→ Assigned task: Your output should be the lines below from the one with "Arhitektura Budjevac, an" through the one with "DB内にロジックを寄せるほど、権限・監査・再現性が強くなり、Studio 側は設定だけで回せる! Teams", copied exactly, pictures excluded.
-- Entries provided follows --
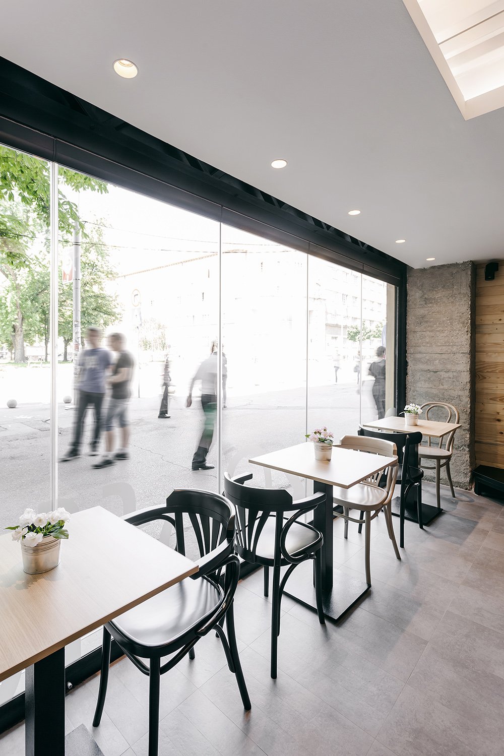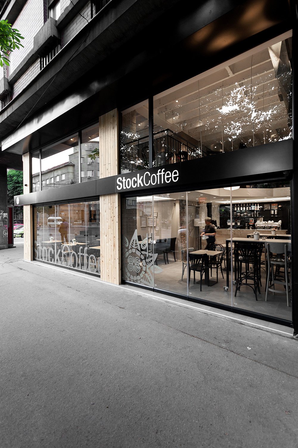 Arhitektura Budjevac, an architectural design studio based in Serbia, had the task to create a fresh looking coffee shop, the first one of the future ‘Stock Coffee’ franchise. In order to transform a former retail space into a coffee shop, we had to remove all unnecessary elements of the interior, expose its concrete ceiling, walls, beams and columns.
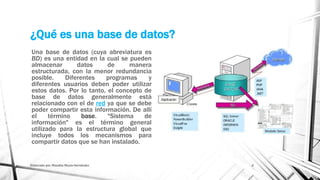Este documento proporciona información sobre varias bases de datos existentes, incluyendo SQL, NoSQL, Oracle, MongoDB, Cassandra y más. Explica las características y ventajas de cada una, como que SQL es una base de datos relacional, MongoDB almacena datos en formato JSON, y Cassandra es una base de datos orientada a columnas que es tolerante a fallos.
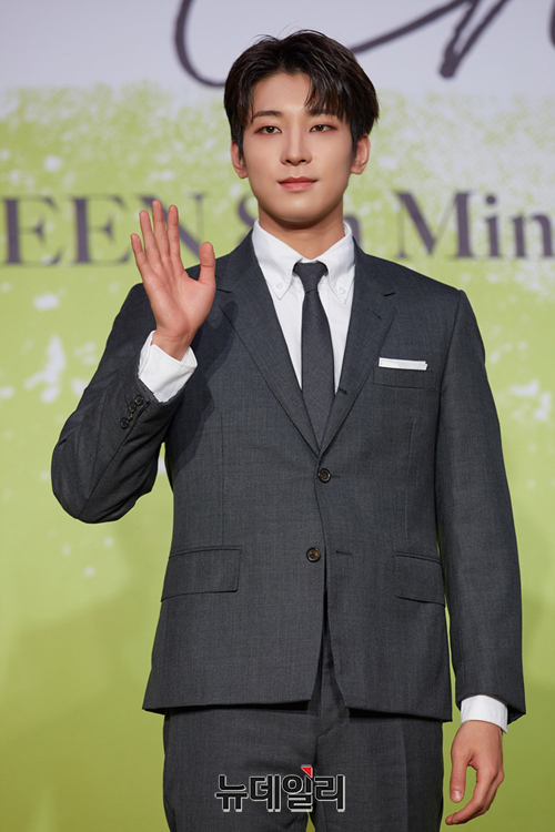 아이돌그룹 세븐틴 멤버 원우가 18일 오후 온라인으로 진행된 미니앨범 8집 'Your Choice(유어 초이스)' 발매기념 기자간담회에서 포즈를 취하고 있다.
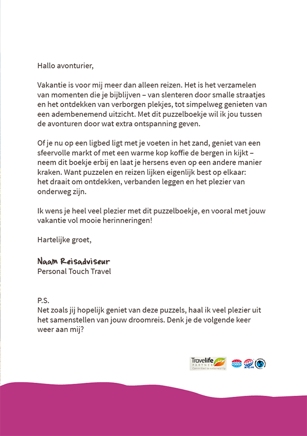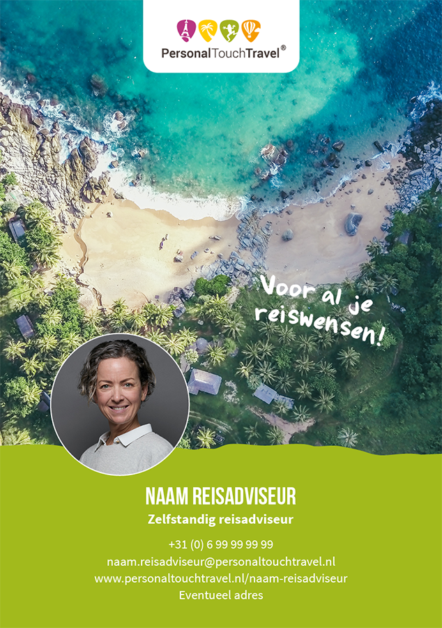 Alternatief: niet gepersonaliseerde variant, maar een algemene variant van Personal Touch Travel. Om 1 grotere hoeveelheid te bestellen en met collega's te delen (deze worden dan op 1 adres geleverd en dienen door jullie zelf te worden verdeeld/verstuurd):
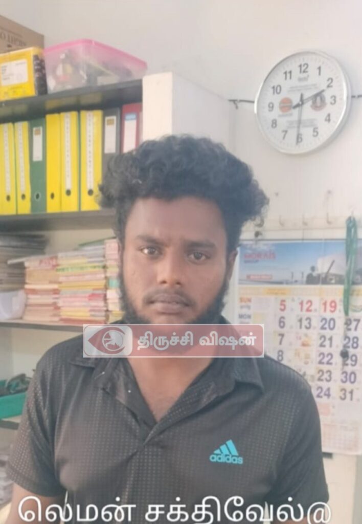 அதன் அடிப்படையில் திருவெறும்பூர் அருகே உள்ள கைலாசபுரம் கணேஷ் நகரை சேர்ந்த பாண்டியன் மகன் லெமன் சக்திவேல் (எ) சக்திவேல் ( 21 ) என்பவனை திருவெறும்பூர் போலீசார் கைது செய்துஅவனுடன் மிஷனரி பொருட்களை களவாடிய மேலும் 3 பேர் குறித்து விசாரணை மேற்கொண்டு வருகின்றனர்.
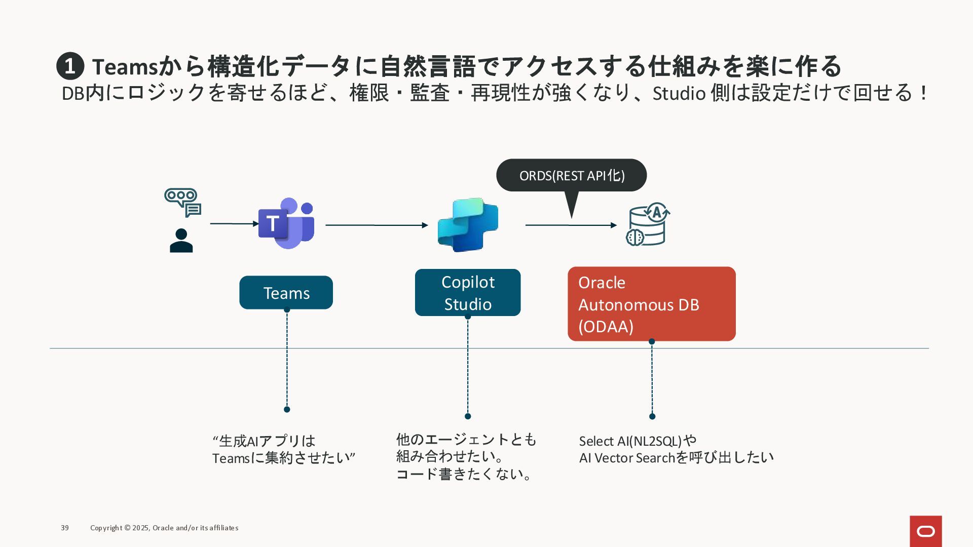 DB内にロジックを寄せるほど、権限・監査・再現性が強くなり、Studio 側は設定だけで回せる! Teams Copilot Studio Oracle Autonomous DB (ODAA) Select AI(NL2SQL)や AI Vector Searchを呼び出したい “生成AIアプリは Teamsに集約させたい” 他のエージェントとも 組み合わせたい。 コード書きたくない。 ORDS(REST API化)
-- Entries provided concluded --
-- Entries provided follows --
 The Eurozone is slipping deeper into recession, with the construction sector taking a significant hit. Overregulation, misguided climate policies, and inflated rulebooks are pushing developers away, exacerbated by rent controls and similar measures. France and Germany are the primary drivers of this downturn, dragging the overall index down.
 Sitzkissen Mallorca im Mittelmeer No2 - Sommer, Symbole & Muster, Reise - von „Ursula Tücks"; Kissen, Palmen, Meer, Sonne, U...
-- Entries provided concluded --
-- Entries provided follows --
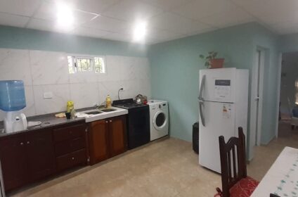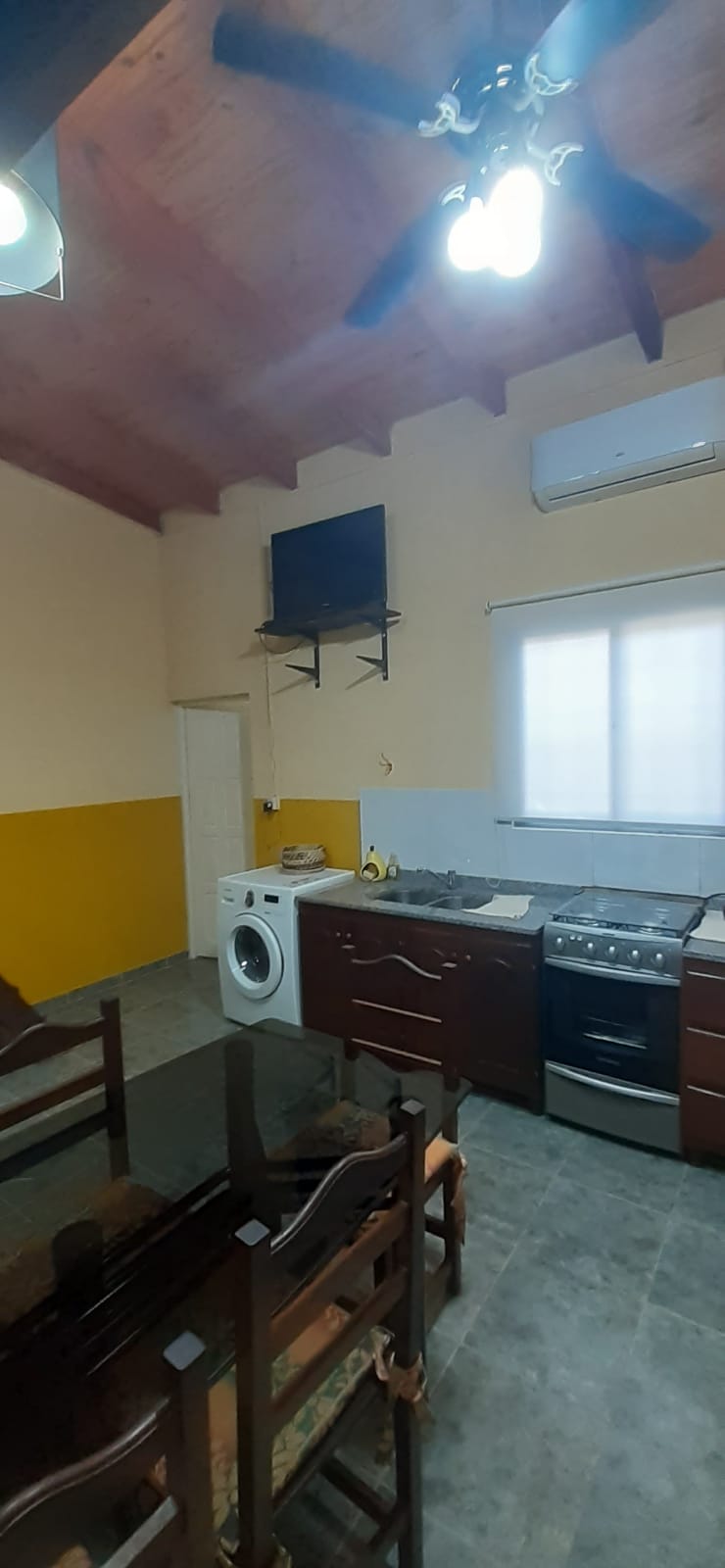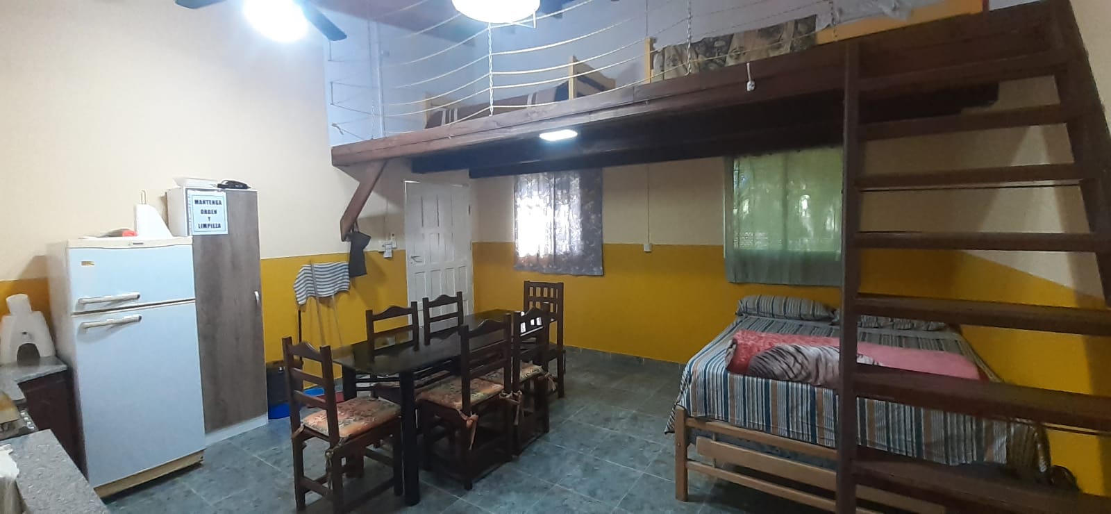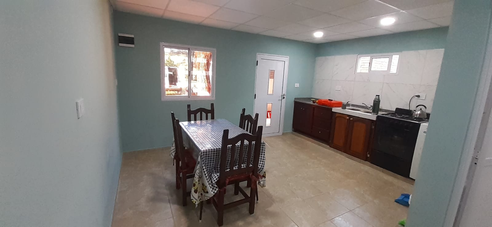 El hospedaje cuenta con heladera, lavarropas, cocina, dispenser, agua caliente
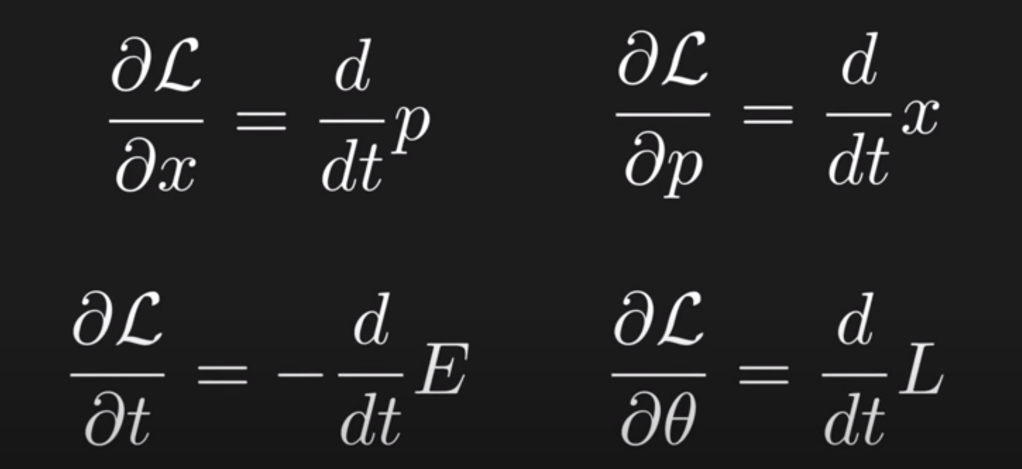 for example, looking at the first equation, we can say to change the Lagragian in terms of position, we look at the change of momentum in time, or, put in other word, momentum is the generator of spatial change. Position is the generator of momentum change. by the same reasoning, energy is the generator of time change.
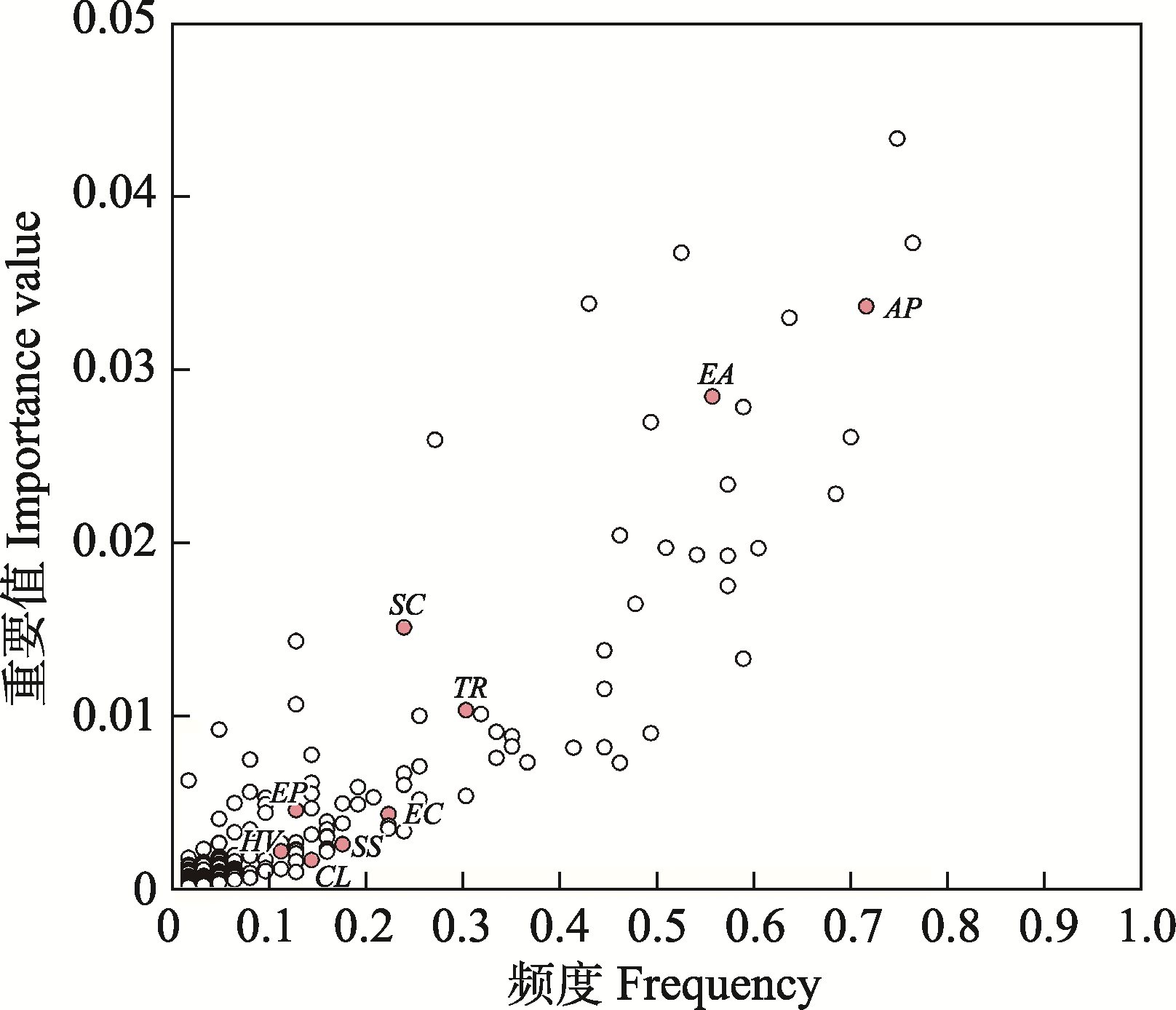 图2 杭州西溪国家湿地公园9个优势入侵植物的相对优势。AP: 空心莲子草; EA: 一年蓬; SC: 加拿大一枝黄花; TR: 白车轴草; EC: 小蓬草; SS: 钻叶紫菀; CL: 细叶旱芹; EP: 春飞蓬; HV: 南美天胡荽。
-- Entries provided concluded --
→ Solution to this task:
 Arhitektura Budjevac, an architectural design studio based in Serbia, had the task to create a fresh looking coffee shop, the first one of the future ‘Stock Coffee’ franchise. In order to transform a former retail space into a coffee shop, we had to remove all unnecessary elements of the interior, expose its concrete ceiling, walls, beams and columns.
Este documento proporciona información sobre varias bases de datos existentes, incluyendo SQL, NoSQL, Oracle, MongoDB, Cassandra y más. Explica las características y ventajas de cada una, como que SQL es una base de datos relacional, MongoDB almacena datos en formato JSON, y Cassandra es una base de datos orientada a columnas que es tolerante a fallos.
 아이돌그룹 세븐틴 멤버 원우가 18일 오후 온라인으로 진행된 미니앨범 8집 'Your Choice(유어 초이스)' 발매기념 기자간담회에서 포즈를 취하고 있다.
 Alternatief: niet gepersonaliseerde variant, maar een algemene variant van Personal Touch Travel. Om 1 grotere hoeveelheid te bestellen en met collega's te delen (deze worden dan op 1 adres geleverd en dienen door jullie zelf te worden verdeeld/verstuurd):
 அதன் அடிப்படையில் திருவெறும்பூர் அருகே உள்ள கைலாசபுரம் கணேஷ் நகரை சேர்ந்த பாண்டியன் மகன் லெமன் சக்திவேல் (எ) சக்திவேல் ( 21 ) என்பவனை திருவெறும்பூர் போலீசார் கைது செய்துஅவனுடன் மிஷனரி பொருட்களை களவாடிய மேலும் 3 பேர் குறித்து விசாரணை மேற்கொண்டு வருகின்றனர்.
 DB内にロジックを寄せるほど、権限・監査・再現性が強くなり、Studio 側は設定だけで回せる! Teams Copilot Studio Oracle Autonomous DB (ODAA) Select AI(NL2SQL)や AI Vector Searchを呼び出したい “生成AIアプリは Teamsに集約させたい” 他のエージェントとも 組み合わせたい。 コード書きたくない。 ORDS(REST API化)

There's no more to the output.